Provided material ::
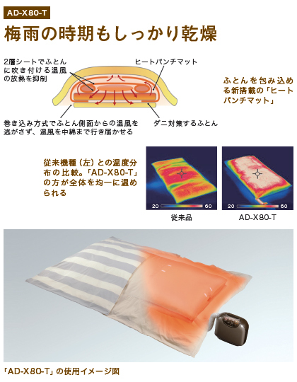 各社が新製品を出すなかで、三菱電機の「AD-X80-T」は、特に乾燥性能に定評がある。その秘密は、新搭載の「ヒートパンチマット」にある。ヒートパンチマットは、敷きふとんの上に置くだけの従来のマット式から進化し、敷きふとんを包み込んで乾燥できるようになった。その上に掛けふとんを乗せる ことで約60℃の温風をふとんの隅々までムラなく行き届かせることが可能。ふとんの中綿までしっかり乾かすことができる。
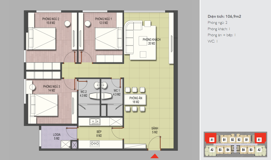 Căn hộ A1 (Căn số 1 và căn số 6):
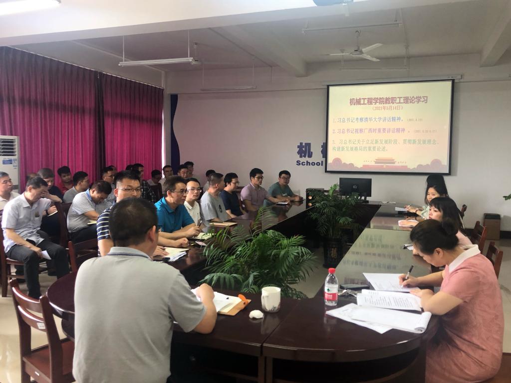 为贯彻落实学校党委关于教职工理论学习的要求,5月14日下午,机械工程学院组织全体教职工在巡天楼205会议室开展习近平总书记在清华大学考察时重要讲话精神、视察广西时重要讲话精神以及关于立足新发展阶段、贯彻新发展理念、构建新发展格局的重要论述等方面的专题学习。会议由学院党总支书记谢雄辉主持和领学。

Your instructions :: A word-for-word copy is required of the lines above from the line with "Căn hộ A1 (Căn" through the last line of the data; no other lines and no pictures belong in it.

Solution ::
 Căn hộ A1 (Căn số 1 và căn số 6):
 为贯彻落实学校党委关于教职工理论学习的要求,5月14日下午,机械工程学院组织全体教职工在巡天楼205会议室开展习近平总书记在清华大学考察时重要讲话精神、视察广西时重要讲话精神以及关于立足新发展阶段、贯彻新发展理念、构建新发展格局的重要论述等方面的专题学习。会议由学院党总支书记谢雄辉主持和领学。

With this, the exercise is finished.